I’ve played 29 shows over the last 25 years or so. In that time, I’ve developed a method for marking my book that makes end-of-show time easier. Ideally you erase your book when you’re done. Take out any cuts, markings, cheats, or changed vocal cues so that the next user of your book doesn’t have to wade through a lot of junk. Supposedly the publisher will fine you if you leave your book marked up, but that never seems to happen given the number of pre-scribbled books I’ve encountered. Still, I don’t like leaving a mess for others to clean up, whether it’s the next dude with the Reed 4 book or a high schooler who’s being forced to erase my book by their band director.
Every show is going to have cuts, that is, sections of songs or dances that are removed. Maybe the song is too long. Maybe the music is too hard. Maybe it’s in the wrong key for the singer. You can always spot a first timer when they make huge pencil markings on the music to indicate a cut. “CUT TO 87” with a huge arrow scribbling over the intervening measures.
There are two problems with this technique: you have to erase a whole hell of a lot more. Also, cuts change. If the cut is made to measure 45 instead of 87, you have to erase 43 bars of scribbles. If the cut is removed (perhaps Little Johnny finally learned to mambo), you’re faced with a lot of erasing.
I use Post-It® notes, in particular the skinny brightly-colored flag-like “page marker” ones. They’re the perfect size for covering up part of a staff of music, say to change the count of a rest, or to block out a part that’s covered elsewhere in the group but is confusing you for a solo entrance. The bright colors make it easy to spot during performance.
The big thing is that they can be picked up and moved easily. Cut’s been changed to bar 43? Just pick up the flag that has the destination arrow on it and put it onto bar 43. The vamp is going to be repeated 8 times? Put a little “8x” on a note. The vamp is out? Just take off the note. The repeat is no good? Tear two skinny notes and hide the repeat bars.
You can make the flags stick out of your book too, making “flip back three pages for the reprise” situations easy. Just put a couple of flags on the page you need to flip back to and have them peek out the side. Easy to grab and turn. I also use the full-sized notes to write “SUCKS”, and put it in my part with “SUCKS” sticking out the top. I can see exactly where I clobbered an entrance or a solo the night before, and can look at it before the next show.
You can also get rolls of Post-It tape.

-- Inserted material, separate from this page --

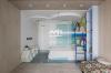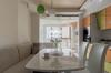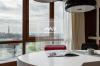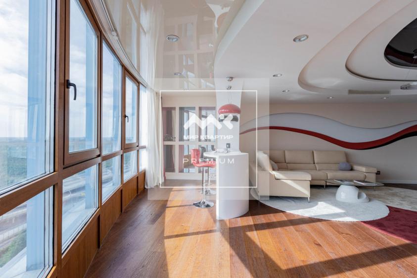 Гостиная 49 м2, 2 просторные спальни, 2 санузла, кухня с лоджией и зоной отдыха, зонированной стеклянной перегородкой с матированием стекла нажатием кнопки-при этом зона отдыха становится приватной. В отделке использованы высококачественные материалы, на полу паркетная доска и натуральная пробка, кухонная техника Bosh (в т.ч. встроенная кофемашина, встроенная микроволновая печь, холодильник Side-by-Side с ледогенератором), установлены система фильрации воды и измельчитель отходов. Сантехника Vileroy&Boch, смесители Grohe.

I use that if I re-write a chunk of music and want to attach it to the book. Regular scotch tape will ruin the paper, but Post-It tape lets me easily take it off once the show’s done.
I used to use a fancy system with different colors for different actions – green for cuts, purple for vamps, red for repeats, but that was too complicated. If I see “Cut to 45”, I know what that means. So the colors are just a nice visual side effect.